China's NDRC cracks down on fuel hoarding and illegal price hikes

Interfax
Posted: 2007-11-28 20:11:55

Shanghai. November 28. INTERFAX-CHINA - China's National Development and Reform Commission (NDRC) announced today that six service stations around the country were found to have engaged in oil hoarding and sold fuel at illegally inflated retail prices, demonstrating the government's latest attempts to manage the current diesel crisis.

The NDRC said that six gas stations in the provinces of Sichuan, Guizhou, Hebei, Shanxi and Hunan as well as the Ningxia Hui Autonomous Region had charged RMB 0.38 to 2.22 ($0.05 to 0.30) more per liter of diesel than allowed under the government's pricing system. As a result, local price monitoring bureaus fined the offending stations five times the additional revenues they had earned from the elevated prices. The public was also encouraged to assist with diesel price monitoring.

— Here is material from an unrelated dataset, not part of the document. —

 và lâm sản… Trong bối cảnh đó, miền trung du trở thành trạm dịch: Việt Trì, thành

The move is the latest in a series of efforts undertaken by the central government to rein in living and production costs for the country's economically vulnerable farmers and fishermen, who are already facing an inflation rate as high as 6.5 percent. The announcement came just one day after the country's top economic planner released a circular containing various measures aimed at easing the domestic diesel shortage.

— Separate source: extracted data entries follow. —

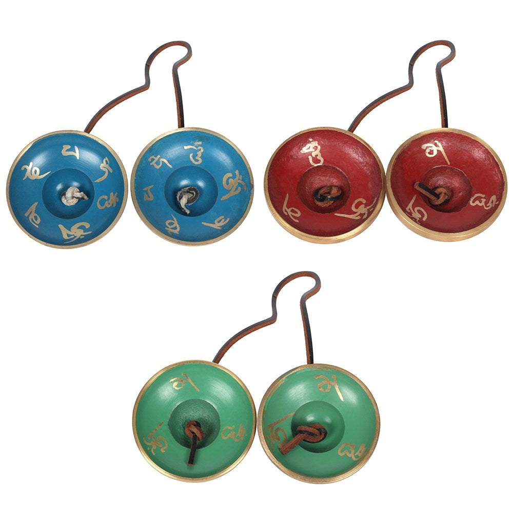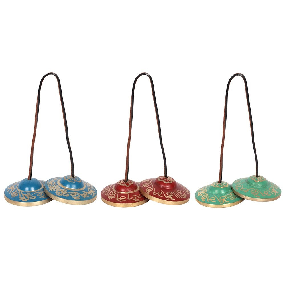Pair of traditional style Tibetan tingsas in a material pouch bag. Please note that colours and patterns of the Tingshas may vary.
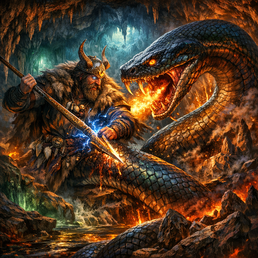 Теперь вопрос в лоб: если Велес — хозяин подземных богатств, договоров и «скота» как меры достатка, то какая роль остаётся змею? Только «чужой вор»? Слишком просто. В ряде мотивов змей — это хтонический владыка, то есть не противник подземья, а его «орденоносец», символ самой глубинной силы. И тогда подземная битва выглядит иначе: Велес бьётся не с чужаком, а с претендентом на его должность. Или — с собственным древним обликом.
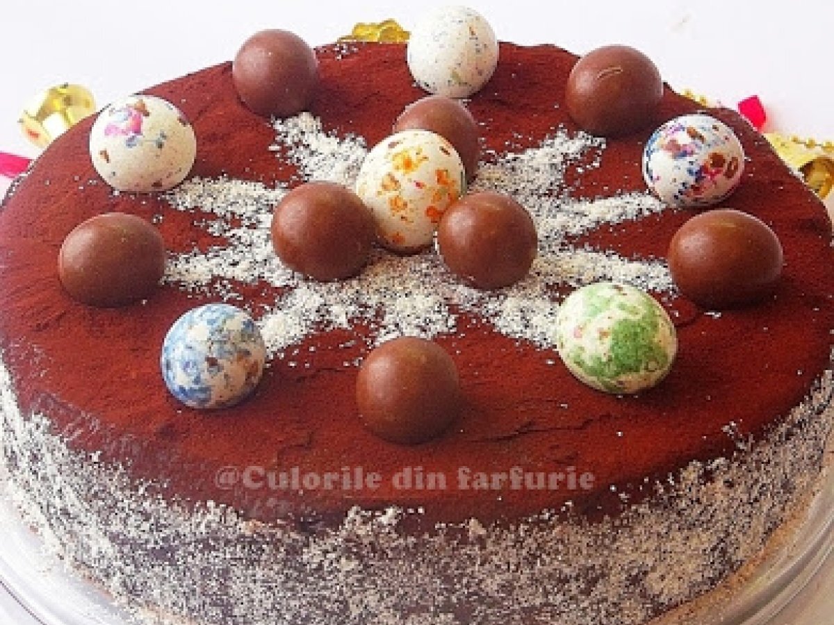Tort mascota PrecedentulUrmătorul DesertFoarte ușor55 min Trimite unui prieten Printează pagina Adresează o întrebare autorului Postează o poză cu rețeta gătită de tine Ingrediente 8 300 g unt 100 g cacao 6 oua 12 linguri zahar 2 linguri rom 2 linguri zahar vanilat 100 g nuci 100 g coaja de portocala zaharisita 150 g de visine din visinata Pentru blat: 100 g ciocolata 80 g margarina 80 g zahar 2 oua, 2-3 linguri cu faina esenta de rom. Decor: 100-150 g ciocolata pentru glazura 100 g nuca de cocos 100 g frisca, figurine din zahar
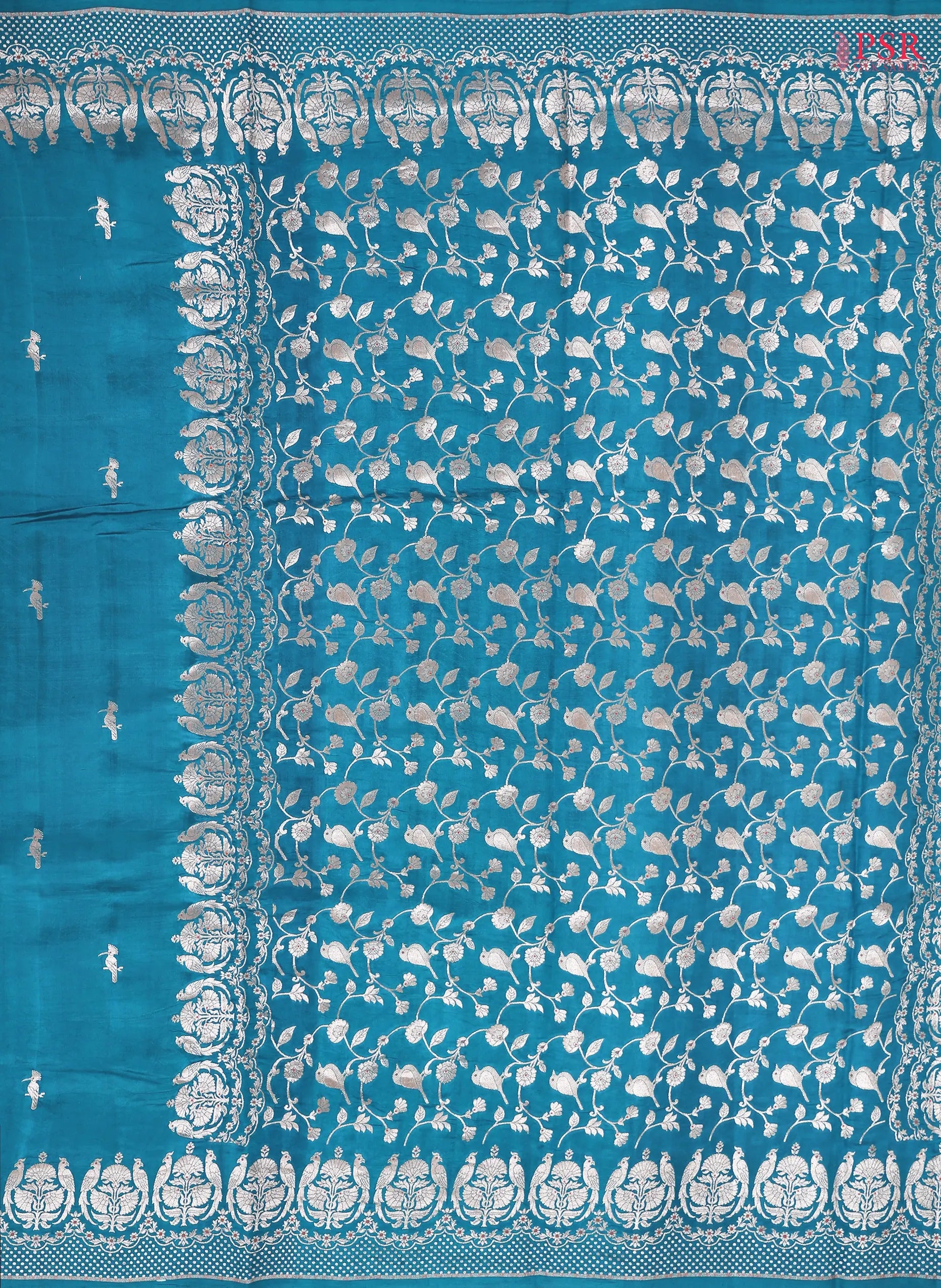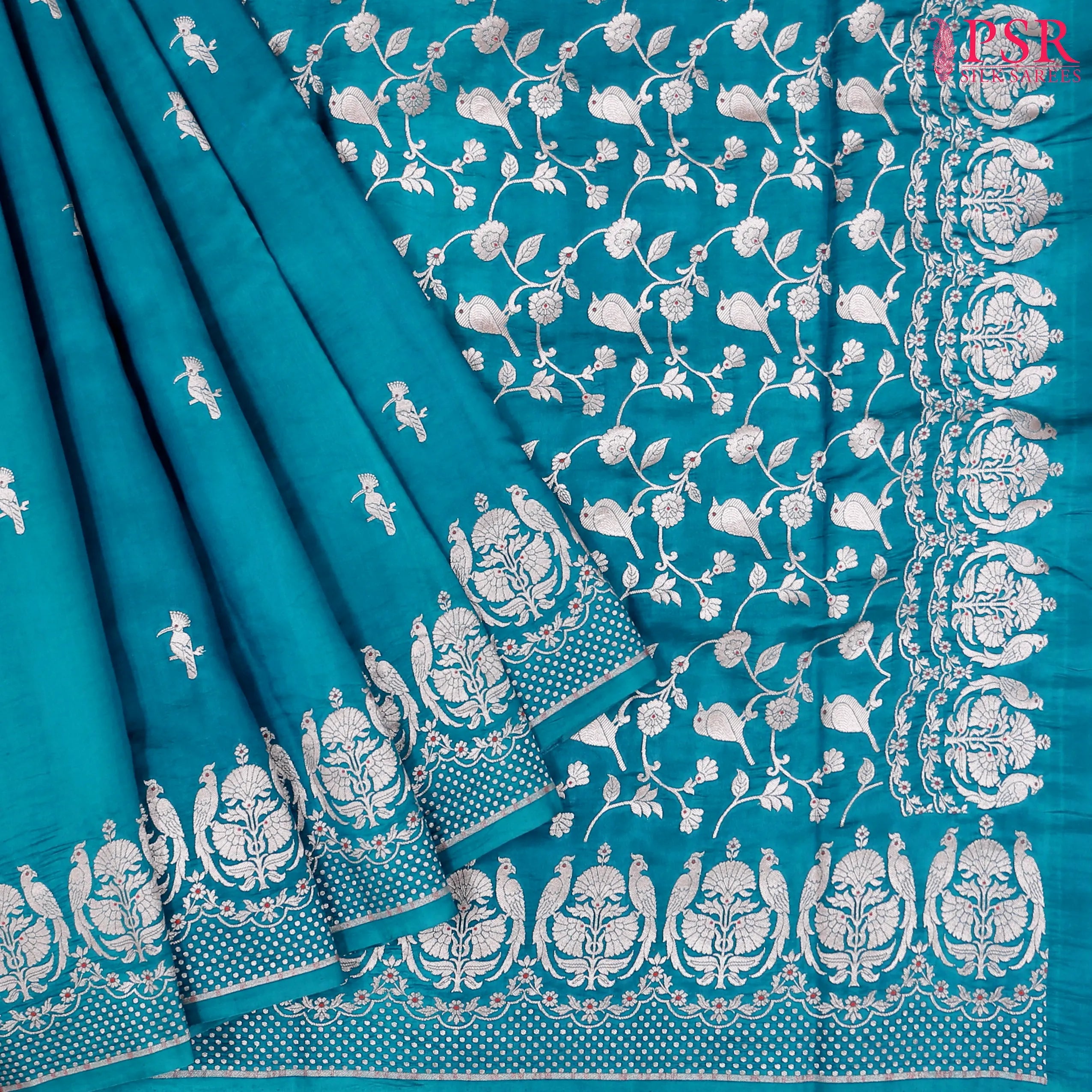 Indulge in subtle sophistication with PSR Silk Sarees’ Peacock Blue Chiniya Silk Saree. The saree is beautifully adorned with vibrant bird zari motifs, adding a touch of color and festivity to its refined charm.

The NDRC said in the circular that it has asked the country's two energy giants, China National Petroleum Corp. (CNPC) and China Petrochemical Corp. (Sinopec Group), to supply crude oil resources to independent refineries in the northeastern provinces of Heilongjiang, Jilin and Liaoning as well as Shandong, Shaanxi and Sichuan. Together, these provinces hold around 10 percent of the country's total refining capacity.

The smaller independent refineries are reluctant to resume oil refining activities despite a recent 10 percent hike in fuel retail prices as the cost of fuel oil, their feedstock for production due to their limited access to controlled crude resources, has risen drastically and cannot be offset by the 10 percent hike.

Through the notice, the two major state-owned energy companies have also been asked to purchase oil products produced by the local refineries.

The circular also said both CNPC and Sinopec Group have stopped rationing diesel supplies at service stations in the municipalities of Beijing, Tianjin and Shanghai as well as Guangdong Province, some of China's most energy-hungry financial and manufacturing bases. Service stations along key highways, such as the Beijing-Shanghai and Beijing-Zhuhai highways, have also been able to sell diesel without any such limitations.

This month, CNPC has increased diesel supplies to Yunnan Province by 20,000 tons and the Guangxi Autonomous Region by 7,000 tons, and Sinopec has lifted diesel supplies to the Yunnan market by 27 percent year-on-year in order to safeguard against any interruption in sugar production in the two regions. 

The NDRC said that it will continue its efforts to crack down on oil hoarding and illegal price hikes that have arisen due to speculation of a further government-led fuel retail price hike in the future.